Foodies and culinarians alike have no doubt heard of the reputed chef, Michael Voltaggio. An inspiration to young aspiring chefs, Voltaggio started his journey in the culinary world at the ripe age of 15 working at restaurants and quickly picking up the tools of the trade.

He soon enrolled in the exclusive Greenbrier Apprenticeship Program, where mentors guided him to build his international fine-dining techniques. Voltaggio’s strong penchant for unique flavor profiles and techniques landed him a position at the Ritz Carlton in Naples, where he learned how to marry the two talents. Through the years, Chef Voltaggio has worked for and with some of the most renowned names in the industry, and he earned a coveted Michelin star.

For those who know him from his Season 6 win on Bravo’s “Top Chef,” and if you watched that season, I’m sure you have been following his plan to open his first restaurant here in Los Angeles. This year, as Voltaggio was preparing for his casual or L.A. translation/interpretation of fine dining, Ink, many delays hampered the grand opening, and Ink.Sack, a tiny sandwich spot off Melrose Boulevard, came to fruition in July 2011.

While it is just a sandwich shop, Voltaggio of course stepped up the game from your mundane pastrami on rye/club sandwich varieties. In fact, those sandwiches are nowhere to be found on the menu.

Pastrami is now a spicy corned beef tongue, with kraut, Russian dressing and cider infused cow’s milk Appenzeller cheese. The nutty cheese, when paired with the tongue, packs a nice “Reuben” touch. Tongue might take a bit of getting used to, especially if you’ve never eaten lengua tacos, but it can be compared to brisket.

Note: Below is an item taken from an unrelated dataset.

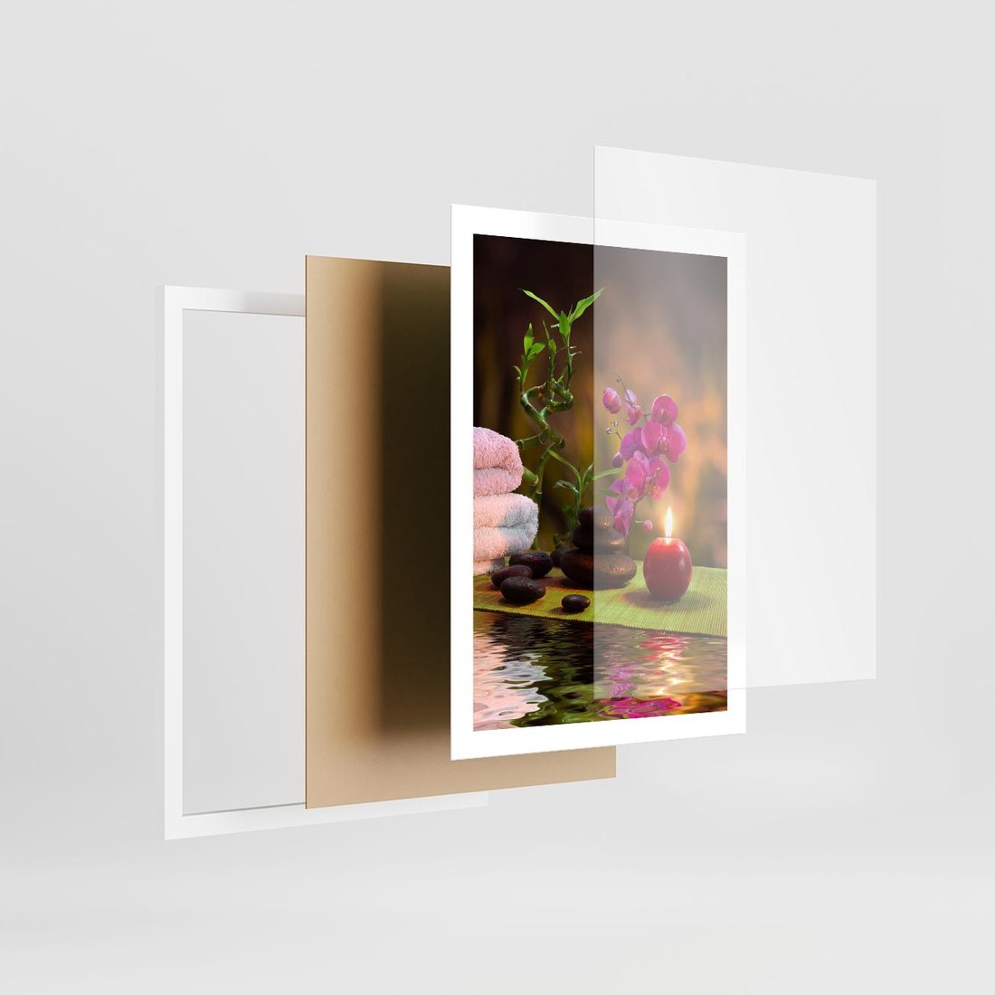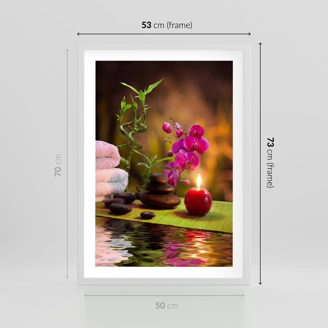 Plakat w ramie 50x70 - Światło Świecących Kwiatów w Spa - spa, świaca - rama biała

If that sounds a little too rich for your taste buds, don’t worry, there’s plenty more to love at Ink.Sack.

My favorites so far have been the spicy tuna albacore with a hint of miso and sriracha mayonnaise (mmm!). Albacore is a very mild tasting fish, and I’ve always asked for a side of sriracha when ordering my sushi – who knew it would now be featured in a delicious sandwich, with a nice salty layer of miso and pickles in the mix?

It’s a draw between the Jose Andres, named after Chef Voltaggio’s former boss at the Bazaar at SLS, and the turkey melt. The Andres, aptly nicknamed “the Spanish godfather” is all the things we love, Serrano ham, chorizo and pork tenderloin (lomo) with one of the best cheeses this side of the continent: Manchego. This sandwich is about as close to butter as you can get, enveloping your palate with savory and slightly sweet flavors.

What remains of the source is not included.